Müslamanların inanışlarına göre Hızır, Ayasofya’da top kandilin altında namaz kılardı. 40 sabah aynı yende namaz kılanların Hızır’a rastlamaları mümkündü.
Hızır genelllikle bir derviş kılığında görünürdü. Eğer o anda tanınır ve eline sarılırsa dilenilen şey olurdu. Ayasofya’nın kubbesindeki 4 melek tasviri de birer tılsım sayılırdı.
Bunlardan biri de Cebrail sureti kanat takıp sayha vurursa (bağırsa) doğu semti ganimet olur derlerdi. İsrafil sureti sayha vursa batıda kıtlığa dalalet eylerdi.
Mikail seslense kuzey tarafında bir asi ortaya çıkardı. Azrail seslense cemi alemde taun (veba) başgösterirdi diye itikad edilmişti.
Caminin 361 kapısı vardır. Ama yüzü büyük kapıdır ve cümlesi tılsımlıdır. Defalarca saysak bir kapı daha meydana çıkar, ona dahi nişan koysak görmediğimiz bir kapı zahir olur ‘(görünür) tuhaf hikmettir.
Orta cümle kapısı üzerinde sarı piniç tabuta benzer bir uzun sanduka vardır. İçinde Kraliçe Sofya’nın naaşı mumya olarak defnolunmuştur.
Nice kimseler bu sandukaya dokunmaya cür’et ettiklerinde caminin içinde büyük bir deprem ve velvele peyda olduğundan vazgeçmeye mecbur kalmışlardır.
Bunun üstünde "amud-u sagirmlerin (küçük direklerin) takı üzere bir mermer kitabe içinde Kud-sü Şerif’in eski kıblesi tavsvir olunmuştur. İçi türlü cevherlerle süslenmiştir. Bu dahi tılsımdır. Kimse dokunmaya cesaret edemez.
Ayasofya mevcut 11 kuyudan biri bileziğinden ötürü Hz. İsa’ya izale edilmektedir. Yukarı mahfilin doğu tarafında mermere döşeme üzerinde yazılı bir taş vardır.

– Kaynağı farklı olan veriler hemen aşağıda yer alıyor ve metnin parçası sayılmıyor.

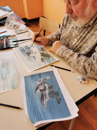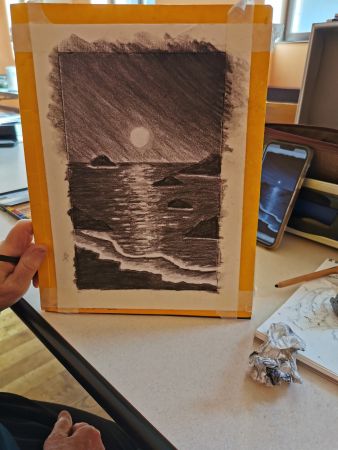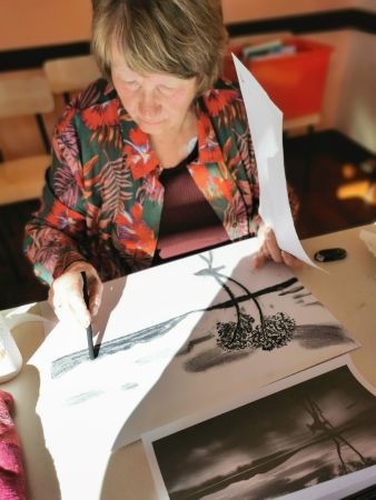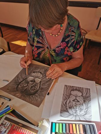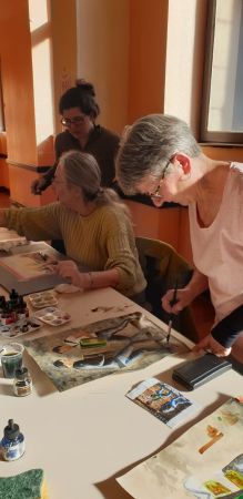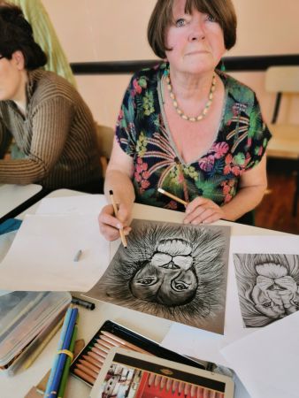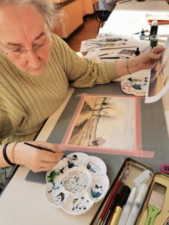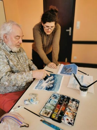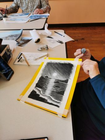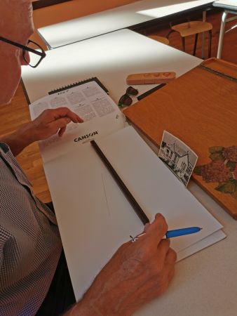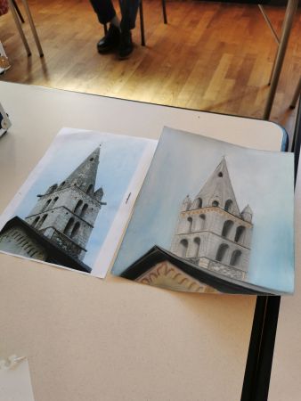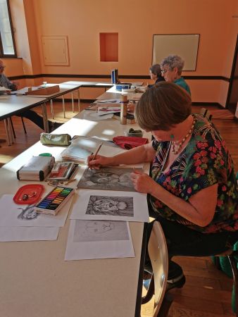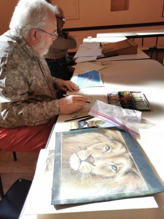 Un nouveau cours avec Liliane. Certains commencent à penser à l’exposition du 12 mai sur le thème « du noir au blanc ». Encre, fusain… Les autres terminent leur projet en cours. Serge s’essaie à la perspective, John à l’aquarelle technique mouillé sur mouillé.

Taşın üstünde 1205 Haziran’ın 1′inde ölen Ehlisalib reisi Hanri Dandalo ismi yazılıdır. Dandalo buraya gömülmüştü.
Lahid içinde bulunan zırhı ve arması Fatih tarafından ressam Bellini’ye hediye olunmuştur.
Evliya Çelebi unutkanlık hastalığına tutunanların Ayasofya kubbesi ortasındaki altın top altında yedi kere sabah namazı kılıp dua etmeleri ve her vakitte yedişer siyah üzüm yemeleriyle dertlerinin iyileşeceğini yazmaktadır.
Ayasofya’nın geride cümle kapılarının batı tarafı nihayetindeki dreklerden biri Terler Direk ismiyle anılmaktadır.
Bu rutubetli sütun önünden asırlarca, binlerce insan geçmiş ve türlü dertlere şifa ümidiyle uzattıkları parmaklarıyla sütunda derin bir çukurr bırakmışlardır.
Kıble kapısının kanatları Nuh Peyamber’in gemisinin tahtasından yapılmıştır diye efsane vardır.
Tacirlerin, kaptanların o kapının önünde namaz kılıp ellerini kapının tahtasına sürmeleri ve Nuh peygamber ruhuna bir fatiha okuyup sefere çıkmaları uğurlu sayılırdı.
Yürek oynamasına ve nefes darlığına uğrayanların Ayasofya içindeki kuyunun suyundan sabah erkenden aç karnına üç kere içerlerse iyileşeceklerine inanılırdı.